The idea of a sustainable fish label all started in 1997, when Unilever, the world’s largest buyer of seafood, and the World Wide Fund for Nature formed the MSC—although it became independent shortly after this. Around the world, catches of commercially important whitefish have been in decline since the mid-1980s, and the company quite reasonably felt that its future fish-finger and cod-fillet businesses relied on a sustainable source of white fish. It said it wanted to source all its fish sustainably by the end of 2005.

Although Unilever only reached about three-quarters of its target before selling off most of its frozen-food business, the MSC has been going from strength to strength. Rupert Howes, the MSC’s chief executive, says that while it took seven years for the first 500 MSC-labeled products to appear, the next 500 took only another nine months.

Today there are 1,123 products with an MSC label around the world. Although consumer recognition remains low today, many wholesale buyers recognize the label, and demand for sustainably sourced fish is growing fast. A big advertising firm has agreed to do pro-bono work to raise public awareness of the logo.

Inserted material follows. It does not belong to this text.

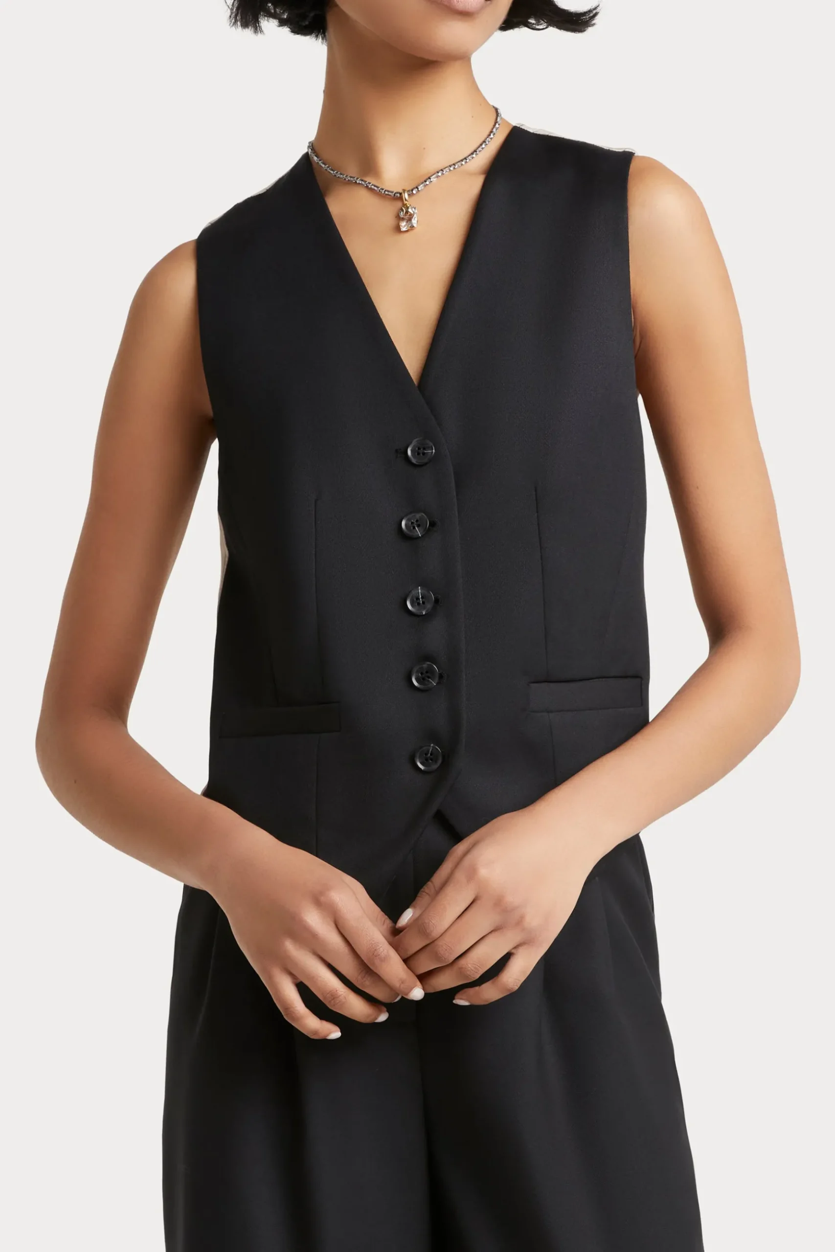 |Tailored vest |Black front with pinstripe back detail |Adjustable D-ring belt at the back |Single breasted button down |Mock welt pockets Composition 30%Wool, 67%Poly, 3% Lycra Care Dry clean Studio model is 177cm tall and wears a AU8
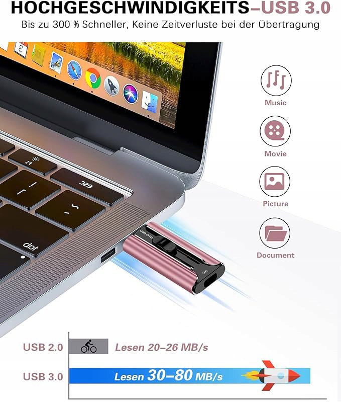 - 【Kopia zapasowa jednym kliknięciem】Napęd flash USB Plug and Play, można wykonać kopię zapasową wielu plików, takich jak filmy wideo/obrazy/dokumenty jednym kliknięciem. Pamięć USB 3.0 zapewnia prędkość odczytu do 80 MB/s i zapisu do 40 MB/s, oszczędzając więcej czasu. Jeśli zdjęcie jest podłączone do telefonu/pada/Androida itd., możesz zapisać filmy i zdjęcia bezpośrednio na dyskach flash, bez zajmowania miejsca na dysku.

Seven percent of the world’s edible wild-caught fish is now MSC-certified. Although that may sound negligible, it encompasses some important fisheries, and the figure is likely to grow. For some fish, the label is already very important. Forty-two percent of the world’s wild salmon fisheries are going through, or have passed, MSC certification. In 2005 the Alaskan pollock fishery, the biggest whitefish fishery in the world, which lands 1-1.5m tons a year, was certified.

Getting certified as a sustainable producer involves a lot of work and expense, as a third-party accreditation is used for both MSC and FSC labels. This expense is sometimes borne by governments, sometimes green groups and sometimes the producers themselves. Fisheries may volunteer for certification because they find sustainable fish command a premium: 10% for the Hastings Dover sole fishery, and 3% for Pacific cod fisheries.

And the MSC label could be in for a boom. With new commitments to MSC from Sainsbury’s, Tesco and now Wal-Mart (which wants to stock only MSC-certified seafood within five years), the future looks a lot brighter and means the incentives for sustainable fishing will only improve. The risk is the growing number of other labels—such as “organic” and “naturally raised”—which confuse customers and allow suppliers to dilute standards to keep costs down. Product labels have been proliferating to such an extent that a website, greenerchoices.org, publishes an online guide to them.

Labels are not the solution to every negative environmental externality. The more of them there are, the greater risk of consumer confusion. But, in the absence of firm governance, good labels do provide an incentive for change.